Let us know how you make out.
Bill


----------



## squarehead (Jan 23, 2009)

*Re: Help with Acer Aspire 1640z VGA driver.*

Hi Bill, 

Just tried that - no difference - I still get the same error msg.

Jez


----------



## BCCOMP (Jul 9, 2007)

*Re: Help with Acer Aspire 1640z VGA driver.*

Hi,
How much memory do you have installed?
Bill


----------



## squarehead (Jan 23, 2009)

*Re: Help with Acer Aspire 1640z VGA driver.*

Hi

66.9 gig free space........


----------



## BCCOMP (Jul 9, 2007)

*Re: Help with Acer Aspire 1640z VGA driver.*

Hi,
That is Harddrive space (I believe)
To find how much Memory you have Right Click on MY Computer>Properties
Under the General Tab you should see the Processor Speed and Ram installed.
Bill


----------



## squarehead (Jan 23, 2009)

*Re: Help with Acer Aspire 1640z VGA driver.*

Hi, Sorry!!

Pentium m processor 1.73 ghz - 512 mb ram.

Jez


----------



## BCCOMP (Jul 9, 2007)

*Re: Help with Acer Aspire 1640z VGA driver.*

Hi,
Do you have any other errors in the Device Manager?
Did you install the Chipset driver:
http://www.acerpanam.com/synapse/fo....com&siteid=7117&words=all&keywords=&areaid=2

Can you go to the Device Manager and Right click on the Video card error>Properties>Details tab
Post the DEV/VEN numbers you find under Device Instance ID.
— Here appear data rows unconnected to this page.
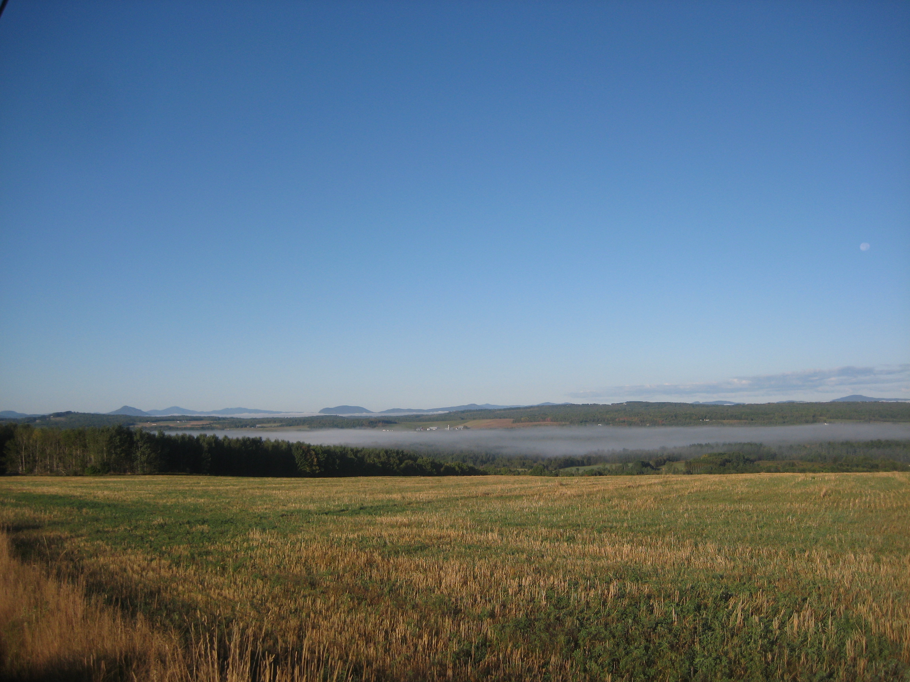 L'estrie offre vraiment de beaux paysages, notamment avec ses différents monts. La température s'annonce superbe, le gros soleil pour toute la journée et un matin plus frais que par chez moi (8°C vs 13°C à Deux-Montagnes), mais ça se réchauffera rapidement et c'est parfait pour courir. Nous arrivons au village en suivant des routes brumeuses et côteuses, promettantes de ne pas rendre la vie trop facile aux coureurs.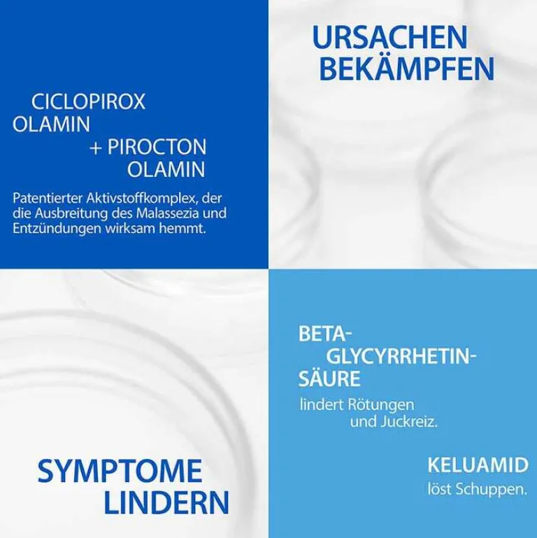 Die Kelual DS Anti-Schuppen Creme entfernt dank der patentierten Aktivstoff-Kombination aus Ciclopirox Olamin + Pirocton Olamin effektiv Schuppen im Gesicht und beugt Rückfällen 6 Wochen* lang vor.
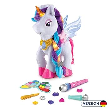 Also für Vtech hab ich mir mehr erhofft und vor allem von dem Preis. Das einhorn ist schön anzuschauen und das mit dem farbpinsel auch nicht schlecht. Aber meine jüngere Tochter tut sich recht schwer mit dem Pinsel weil der Pinsel genau auf ein Sensor hin gedrückt werden muss um diesen farbwechsel auszulösen. Und man kann nur die Farben nehmen was auf dieser farbpalette sind. Im fernsehe bringen sie glaub: Tippe Farben von deiner Umgebung an und übertrage es auf dein Pferd. Also das geht nicht.Mit dem singen ist es auch so ne Sache. Das Pferd singt nur wenn das Mikro direkt vorne am Mund hingehalten wird. Wenn man mit dem Mikro weg geht weil man mitsingen will singt das Pferd nicht mehr.Im Grossen und ganzen schön anzuschauen aber für den Preis leider zu teuer. Und ich musste zwei kaufen🙈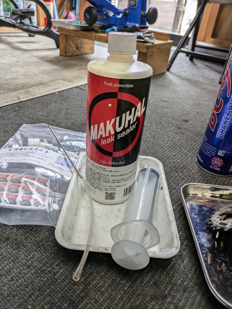 今回は通常のシーラントだとクリンチャーよりも結構重たくなってしまいますので、マクハルを使用することにしました。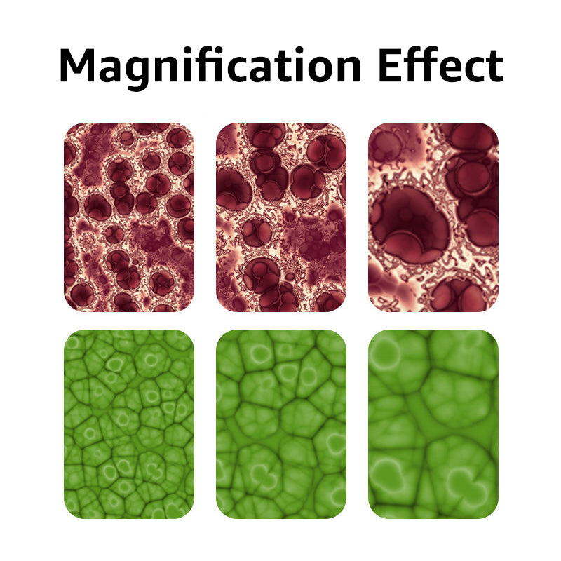 Protect your eyes:This microscope just need connect mobile phone observation, then you can take photos and record.What’s more ,you can use the camera function to watch, which reduce eye fatigue.

You may have an ATI Driver instead of an Intel.
These numbers will tell me what you have.
Bill


----------



## squarehead (Jan 23, 2009)

*Re: Help with Acer Aspire 1640z VGA driver.*

Hi - numbers are:

pci\ven1002&dev_714A&SUBSYS_009E1025&REV_00\4&3A4D6611&0&0008

only other missing driver is the network controller.

Thanks for this help


----------



## BCCOMP (Jul 9, 2007)

*Re: Help with Acer Aspire 1640z VGA driver.*

Hi,
You have the ATI Driver here:

http://www.acerpanam.com/synapse/fo....com&siteid=7117&words=all&keywords=&areaid=2

Can you do the same for the Network Controller and post the DEV/VEN numbers?
Bill


----------



## squarehead (Jan 23, 2009)

*Re: Help with Acer Aspire 1640z VGA driver.*

Ok.

PCI\VEN_8066&DEV_4220&SUBSYS_27018086&REV_05\4&1D3F0FBB&0&20F0

jEZ


----------



## squarehead (Jan 23, 2009)

*Re: Help with Acer Aspire 1640z VGA driver.*

Hi Bill.

Thanks that certainly sorted the VGA controller for me!!

Nice one..!!

Jez


----------



## BCCOMP (Jul 9, 2007)

*Re: Help with Acer Aspire 1640z VGA driver.*

Hi,
Glad to hear the video is up and running!

For the network driver the numbers you posted point to the wireless driver:
http://www.acerpanam.com/synapse/fo....com&siteid=7117&words=all&keywords=&areaid=2

Let me know how you make out.
Bill


----------



## squarehead (Jan 23, 2009)

*Re: Help with Acer Aspire 1640z VGA driver.*

100% sorted now .

Thank you very very much!!!

Jez


----------



## BCCOMP (Jul 9, 2007)

*Re: Help with Acer Aspire 1640z VGA driver.*

Glad to hear it!!
I will mark this thread as solved.
Thanks,
Bill


----------